AI for science in electrochemical energy storage: A multiscale systems perspective on transportation electrification

Elsevier, Nexus, Volume 1, Issue 3, September 2024
Authors: 
Shuangqi Li, H. Oliver Gao, Fengqi You

The electric vehicle (EV) industry, crucial for low-emission transportation, is undergoing a significant transformation driven by advancements in battery and electrochemical energy storage technologies. Artificial intelligence (AI) has the potential to revolutionize these technologies by enhancing efficiency and performance while accelerating development cycles. This paper systematically reviews the current state-of-the-art and future perspectives of AI in battery research and applications for EVs.
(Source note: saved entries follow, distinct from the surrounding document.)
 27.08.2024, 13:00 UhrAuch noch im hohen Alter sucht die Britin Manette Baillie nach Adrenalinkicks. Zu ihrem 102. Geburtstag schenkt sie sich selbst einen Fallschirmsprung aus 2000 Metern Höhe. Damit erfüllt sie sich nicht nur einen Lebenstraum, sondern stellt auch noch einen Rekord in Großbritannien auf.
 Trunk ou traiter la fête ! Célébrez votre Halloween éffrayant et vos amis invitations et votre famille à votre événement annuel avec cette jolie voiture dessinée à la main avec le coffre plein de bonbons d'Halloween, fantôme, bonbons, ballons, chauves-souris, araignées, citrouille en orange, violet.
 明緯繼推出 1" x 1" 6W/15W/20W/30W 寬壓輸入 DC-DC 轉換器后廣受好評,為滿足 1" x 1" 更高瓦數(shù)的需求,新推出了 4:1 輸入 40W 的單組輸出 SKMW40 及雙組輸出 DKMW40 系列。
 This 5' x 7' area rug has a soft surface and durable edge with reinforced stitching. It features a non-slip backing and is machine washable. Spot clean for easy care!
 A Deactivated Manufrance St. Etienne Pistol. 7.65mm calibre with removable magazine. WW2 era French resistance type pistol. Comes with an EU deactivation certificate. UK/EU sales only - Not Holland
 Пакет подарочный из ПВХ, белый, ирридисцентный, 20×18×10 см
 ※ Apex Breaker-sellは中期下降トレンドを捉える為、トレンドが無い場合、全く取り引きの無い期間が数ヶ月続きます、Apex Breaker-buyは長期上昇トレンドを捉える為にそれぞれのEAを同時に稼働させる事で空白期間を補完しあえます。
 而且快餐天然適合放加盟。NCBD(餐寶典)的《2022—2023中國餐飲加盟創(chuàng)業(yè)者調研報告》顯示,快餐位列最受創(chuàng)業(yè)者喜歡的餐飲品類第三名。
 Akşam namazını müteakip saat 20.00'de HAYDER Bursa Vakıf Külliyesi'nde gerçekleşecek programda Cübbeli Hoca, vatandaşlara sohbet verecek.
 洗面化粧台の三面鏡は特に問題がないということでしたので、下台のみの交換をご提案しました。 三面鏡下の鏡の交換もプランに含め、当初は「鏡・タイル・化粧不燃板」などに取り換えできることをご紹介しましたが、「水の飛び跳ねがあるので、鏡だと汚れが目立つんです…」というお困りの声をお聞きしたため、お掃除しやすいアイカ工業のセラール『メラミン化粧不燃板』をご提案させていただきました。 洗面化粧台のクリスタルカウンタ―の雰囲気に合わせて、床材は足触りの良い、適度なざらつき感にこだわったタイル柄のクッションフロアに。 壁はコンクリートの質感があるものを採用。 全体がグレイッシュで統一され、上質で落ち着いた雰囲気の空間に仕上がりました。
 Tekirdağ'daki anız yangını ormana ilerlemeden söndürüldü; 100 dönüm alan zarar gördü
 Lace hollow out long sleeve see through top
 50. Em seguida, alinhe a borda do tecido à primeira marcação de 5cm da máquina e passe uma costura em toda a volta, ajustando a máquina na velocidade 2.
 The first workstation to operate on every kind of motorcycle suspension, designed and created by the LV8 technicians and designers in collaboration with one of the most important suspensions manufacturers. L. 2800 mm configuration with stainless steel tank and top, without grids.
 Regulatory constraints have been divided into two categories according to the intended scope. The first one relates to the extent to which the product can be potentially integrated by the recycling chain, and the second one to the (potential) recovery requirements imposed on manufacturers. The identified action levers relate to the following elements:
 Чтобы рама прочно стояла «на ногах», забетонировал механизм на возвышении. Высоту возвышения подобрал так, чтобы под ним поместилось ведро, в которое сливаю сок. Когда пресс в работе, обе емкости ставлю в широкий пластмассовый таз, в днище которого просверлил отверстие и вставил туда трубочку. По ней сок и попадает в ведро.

Various AI methodologies, including unsupervised learning, supervised learning, reinforcement learning, and generative AI, are explored to improve battery performance, longevity, and safety. The review identifies key challenges in advancing AI for electrochemical energy storage: data shortages, cyberinfrastructure limitations, data privacy issues, intellectual property obstacles, and ethical complexities. Groundbreaking opportunities presented by AI applications, such as large language models, foundation models, multimodal learning, and few-shot learning, are also highlighted. AI-based technologies offer promising pathways for rapid material discovery, predictive maintenance, and the development of efficient, scalable, and reliable battery systems. Strategic directions for future research are proposed, emphasizing the need for comprehensive data and cyber infrastructures, enhanced interpretability, ethical AI use, and interdisciplinary collaboration. Ultimately, this paper identifies key challenges and opportunities for AI-driven innovations in battery technology, contributing to the advancement of low-emission transportation through electrification.